Volgens IDEA worden andere gezondheidsstoornissen gedefinieerd als ‘ kracht, vitaliteit of alertheid, waaronder een verhoogde alertheid voor prikkels uit de omgeving, die resulteert in beperkte alertheid met betrekking tot de onderwijsomgeving, die: (a) het gevolg is van chronische of acute gezondheidsproblemen zoals astma, aandachtstekortstoornis of aandachtstekort hyperactiviteitsstoornis, diabetes, epilepsie, een hartaandoening, hemofilie, loodvergiftiging, leukemie, nefritis, reumatische koorts, sikkelcelanemie en het Tourette-syndroom; en (b) de onderwijsprestaties van een kind nadelig beïnvloedt. ”

Specifieke leerstoornissenEdit

Volgens IDEA vormt een specifieke leerstoornis (SLD) het grootste deel van de leerlingen die diensten ontvangen. De meerderheid van de studenten die diensten ontvangen voor specifieke leerproblemen, zit in reguliere klaslokalen.
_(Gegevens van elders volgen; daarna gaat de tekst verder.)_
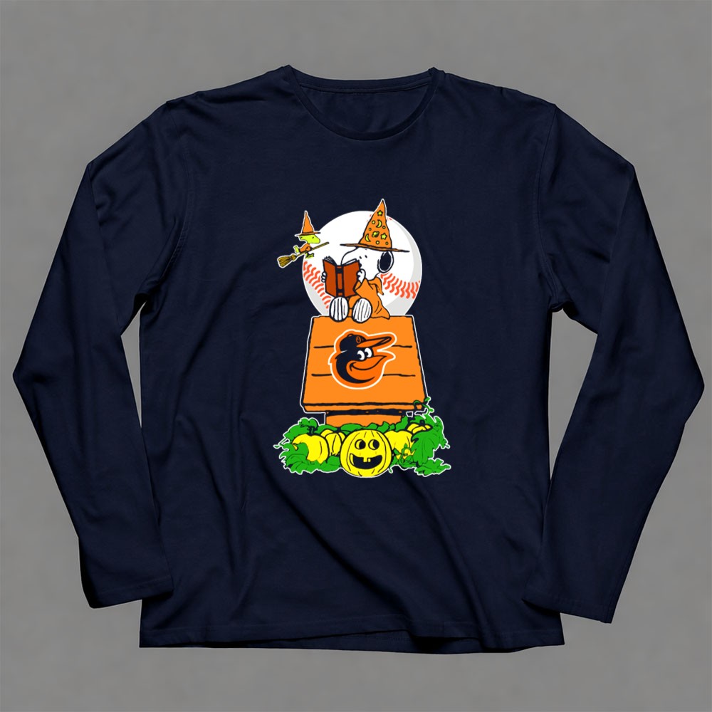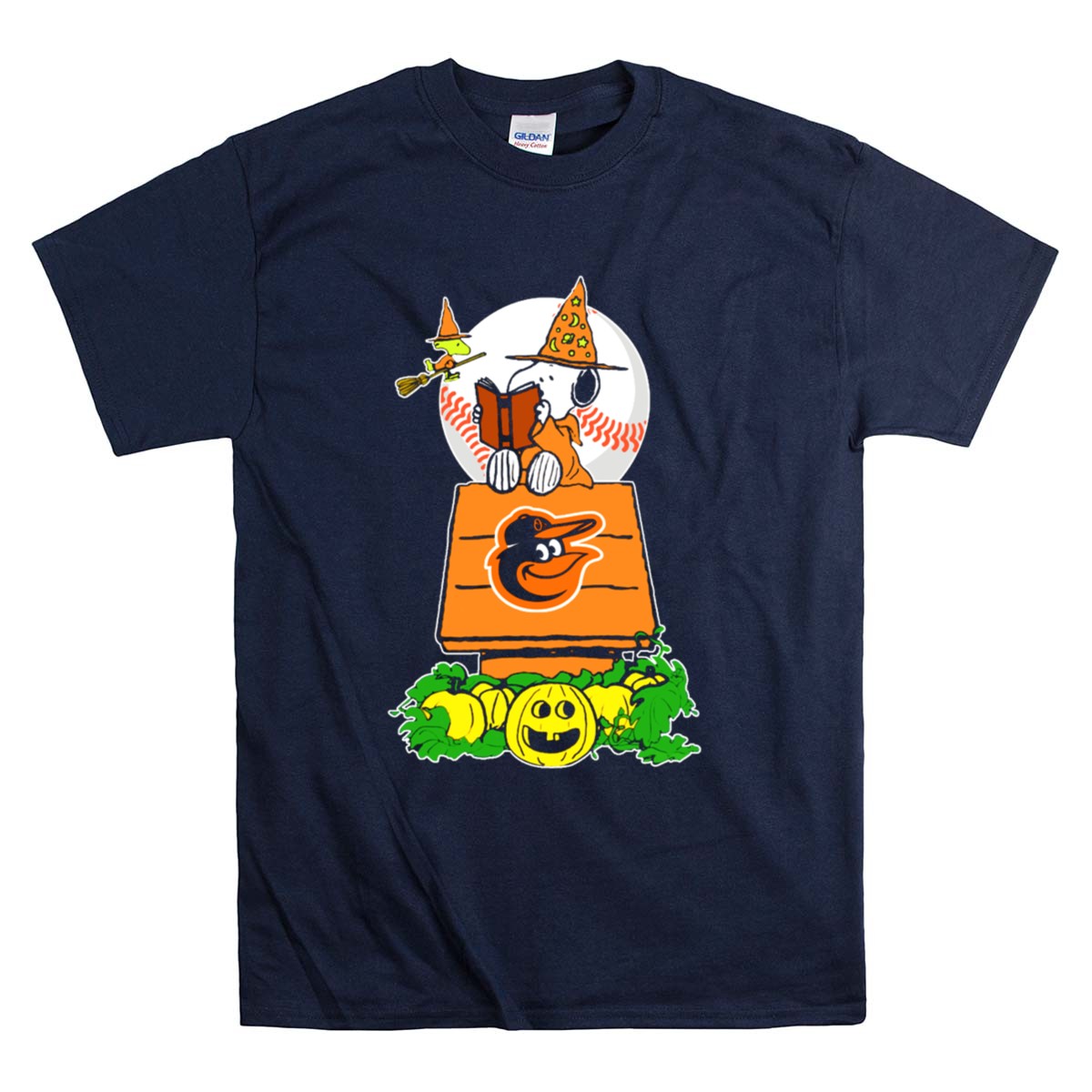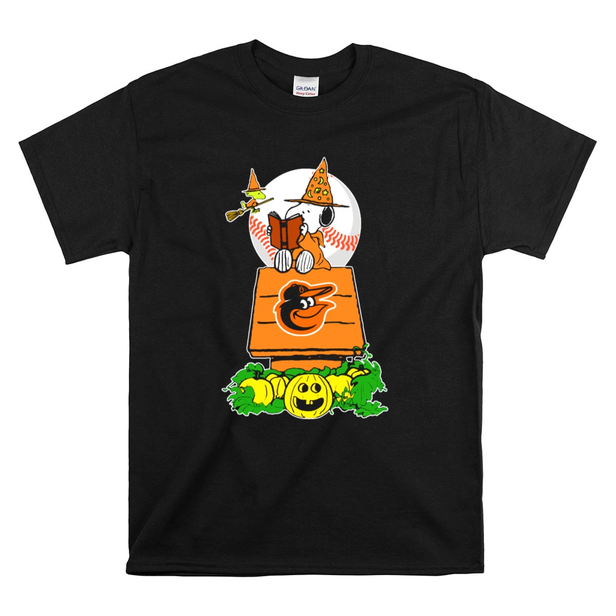 Baltimore Orioles Halloween Snoopy Reading On Doghouse With Woodstock And Pumpkins Shirt

Veel voorkomende leerstoornissen zijn dyslexie, dyscalculie, dysgrafie, auditieve en visuele verwerkingsstoornissen en non-verbale leerstoornissen. Vroegtijdige interventie is waardevol voor alle categorieën handicaps, maar gezien de hoge frequentie van studenten met leerproblemen, is het zelfs nog waardevoller. 80% van de leerlingen met een verstandelijke beperking heeft moeite met lezen. 90% van de studenten leest normaal als ze hulp krijgen in het eerste leerjaar. 75% van de studenten die na de leeftijd van negen jaar hulp krijgen, zal het hele leven wat problemen hebben.

Accommodaties en aanpassingen voor studenten met leermoeilijkheden variëren op basis van het specifieke soort leerstoornis en de individuele en unieke behoeften van de student. Enkele voorbeelden van het creëren van de minst beperkende omgeving voor studenten met leermoeilijkheden zijn onder meer het voorzien van een audio-opname van instructies of passages, het voorzien van tekst met een groter lettertype, het verminderen van het aantal woorden per regel tekst en het hebben van een aangewezen lezer om de geschreven instructies hardop te geven aan de student. Andere voorbeelden zijn het toestaan van mondelinge antwoorden, het hebben van een schrijver, het gebruik van spraakopname voor antwoorden, enz. Sommige studenten hebben mogelijk langere periodes nodig voor examens, aparte testlocaties, de notities van tevoren, notities alleen op papier in zwart-wit, enz. specifieke leerstoornis is anders, en elke student heeft unieke behoeften.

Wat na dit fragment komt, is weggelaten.